• **Task to complete**
Where the lines below hold images, skip those and copy every word exactly.

• **Information provided**
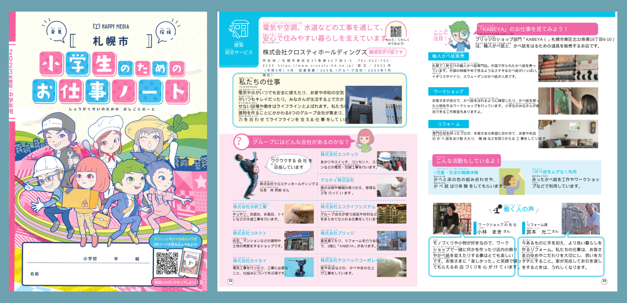 クロスティホールディングス「札幌市 小学生のためのお仕事ノート」で事業を紹介
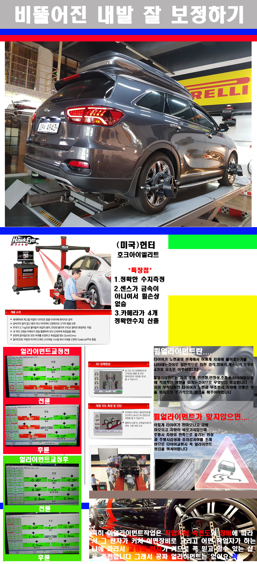 자사는 얼라이먼트정렬시 교정전 교정후를 구분하여 고객님께 직접 이수치값을 확인시켜드리고 작업을 하며 이후 각각의 특성을 가진 타이어들에 대해서 설명 및 관리요령 운전요령 같이 설명해드리고 있습니다
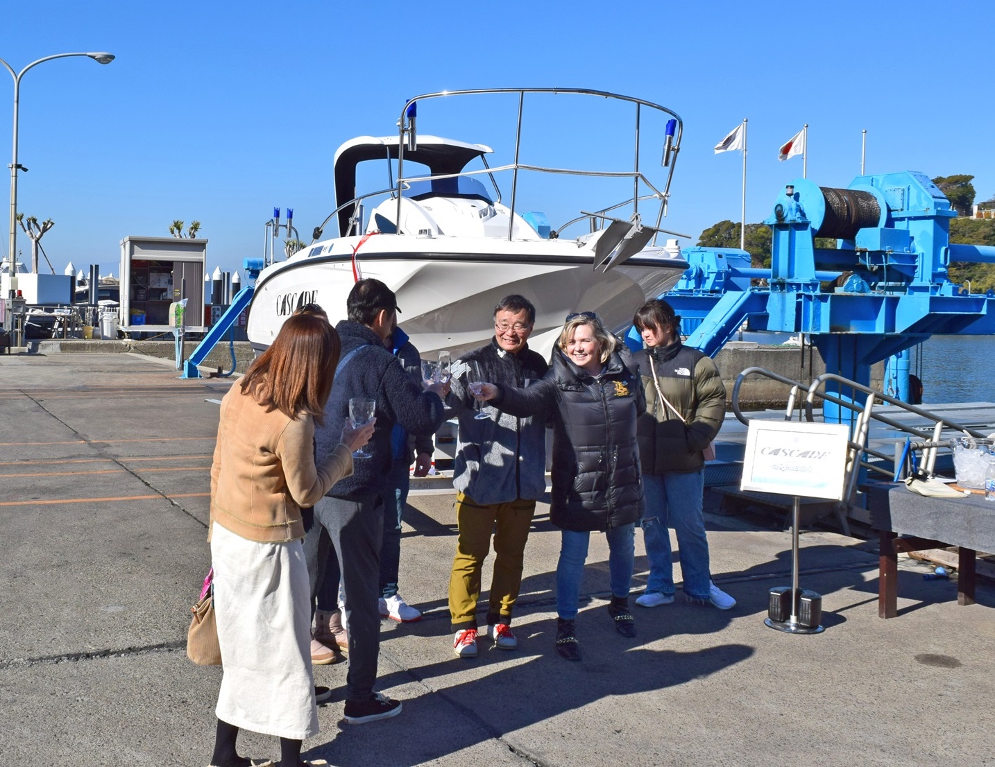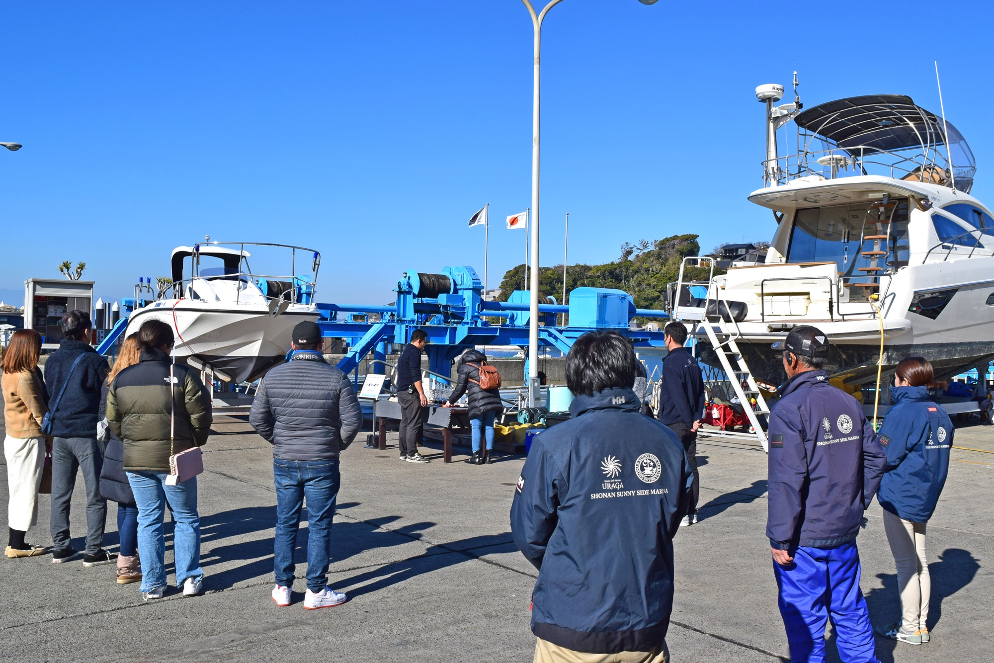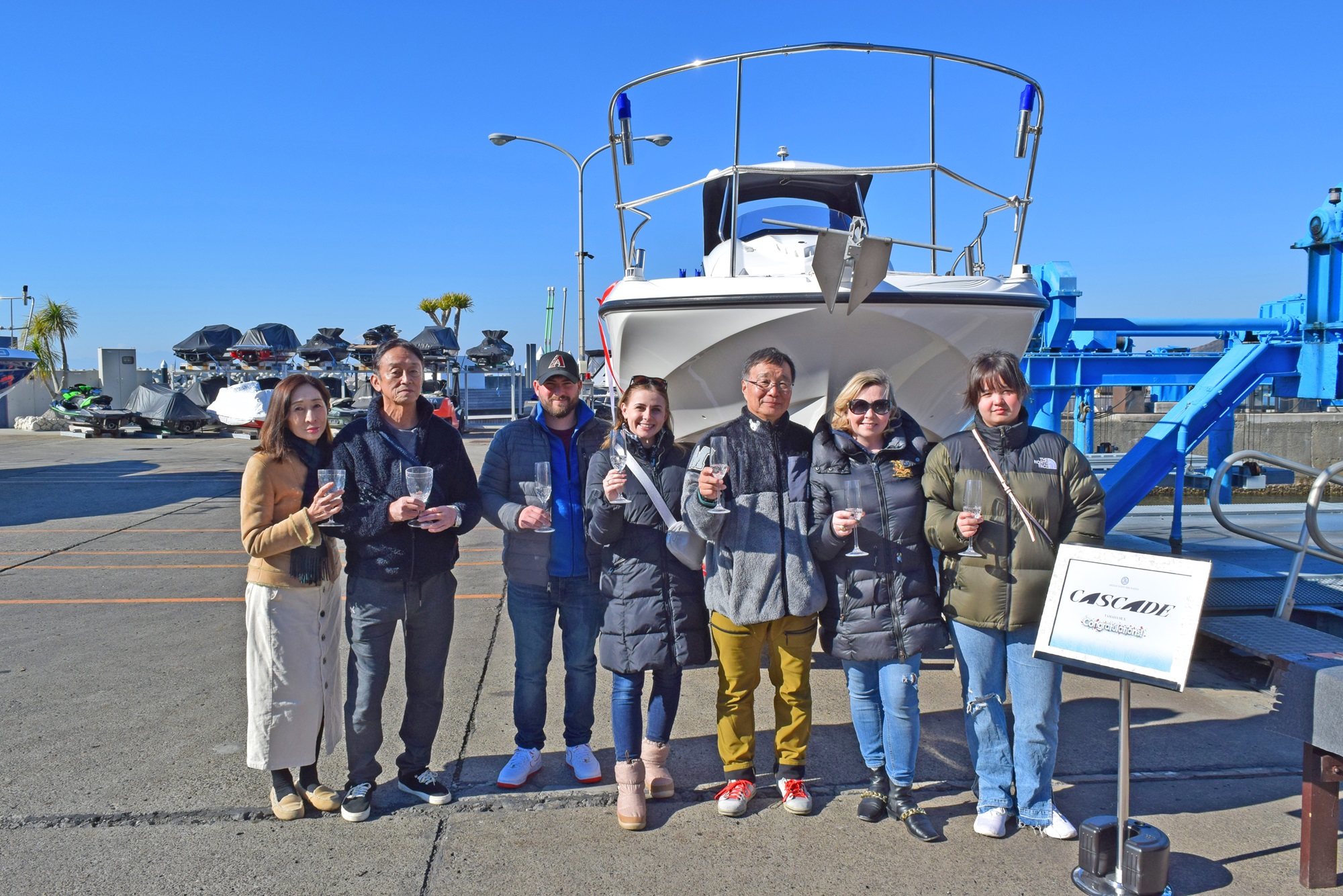 進水式には、マリーナスタッフのほかに、ご家族ご友人の皆さまがご参加くださいました。

• **Task response**
 クロスティホールディングス「札幌市 小学生のためのお仕事ノート」で事業を紹介
 자사는 얼라이먼트정렬시 교정전 교정후를 구분하여 고객님께 직접 이수치값을 확인시켜드리고 작업을 하며 이후 각각의 특성을 가진 타이어들에 대해서 설명 및 관리요령 운전요령 같이 설명해드리고 있습니다
 進水式には、マリーナスタッフのほかに、ご家族ご友人の皆さまがご参加くださいました。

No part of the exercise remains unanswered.